Fayn Haftalık bir haftayı daha kapatmaya hazır. Güney komşumuzda yeniden dağıtılan kartlar, Türkiye’nin farklı partileme anlayışı, kadın sporlarının yükselişi ve kurulması gereken bazı yeni yıl hayalleri bu hafta mutfağımızdan çıkanlar arasında.
Hazırsanız akalım.
Suriye’de yanıtı aranan sorular
Kim ne derse desin, 2011 yılında Suriye’de mafyokratik ve baskıcı rejime karşı başlayan süreç gerçek bir halk ayaklanmasıydı. Dünyaya açık, Arap olmaktan gurur duyan, farklı mezhep ve dinlerin bir arada var olabildiği, zeki esprileriyle tanınan ve kendileriyle alay etmesini de bilen gerçek insanların gerçek ayaklanması. Ama yolda işler değişti. Ayaklanma adım adım radikalleştirildi. Suriye de uluslararası çıkar çatışmalarının sahnesi haline getirildi. Şimdi yeni sezon ise cevabı çok zor sorularla başlıyor. Peki mutlu son mümkün mü? Ayşe Karabat’ın analizi.
Tanrım beni baştan yarat
Hali vakti yerinde, eğitim seviyesi yüksek bir aileden geldi. Kimilerine göre Alevi bir kızla yaşadığı aşka izin verilmediği için kimilerine göreyse bölge için hayatın doğal akışı haline gelen baskı ve gözaltılar yüzünden radikalleşti. IŞİD, El Kaide ve El Nusra Cephesi’nden geçen yolu onu sonunda Heyet Tahrir eş-Şam’ın liderliğine çıkardı. Suriye’nin büyük kısmını şu an itibariyle elinde tutan “yetenekli bay Colani”nin hikayesini Can Ertuna yazdı.
YPG ne yapacak?
Statüko çöktü. Şimdi hangi aktörler bu çöküntünün altında kalacak, hangisi üste çıkacak onu bir çözmek lazım. Fayn incelemeye YPG ile başlıyor. YPG gücünü koruyabilecek mi? Suriye’den çekilmek isteyen ABD, YPG’nin arkasından da çekilecek mi? Türkiye neye ne kadar izin verecek?
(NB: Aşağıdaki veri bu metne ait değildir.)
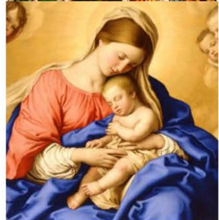
20 de mayo María, Madre de la Iglesia

Sorular masada.
Suriye ordusuna ne oldu?
Bu kadar yıldır varmış ve belli bir güce sahipmiş gibi görünen Suriye ordusuna ne oldu? “Orada her şey yolunda” denilen Şam ve Esad rejimi nasıl oldu da birkaç saat bile direnmeden çat diye düştü? Açıklıyoruz.
“Masum bir tutuklunun eşi, babasını bir cam arkasından görüp, ayrılırken ‘gitmek istemiyorum’ diye ağlayan bir kız çocuğunun annesi, ailesini tek başına geçindiren bir kadın ve çoğunlukla ‘bilmiyorum’ diye cevap vermek zorunda kaldığım ağır soruların muhatabıyım.”
Gezi Davası olarak adlandırılan garabet sebebiyle cezaevinde olan şehir plancısı Tayfun Kahraman’ın eşi, Vera’nın annesi, akademisyen ve araştırmacı Dr. Meriç Demir Kahraman yazdı. Yaşadığı birçok şeyi ilk kez anlattı.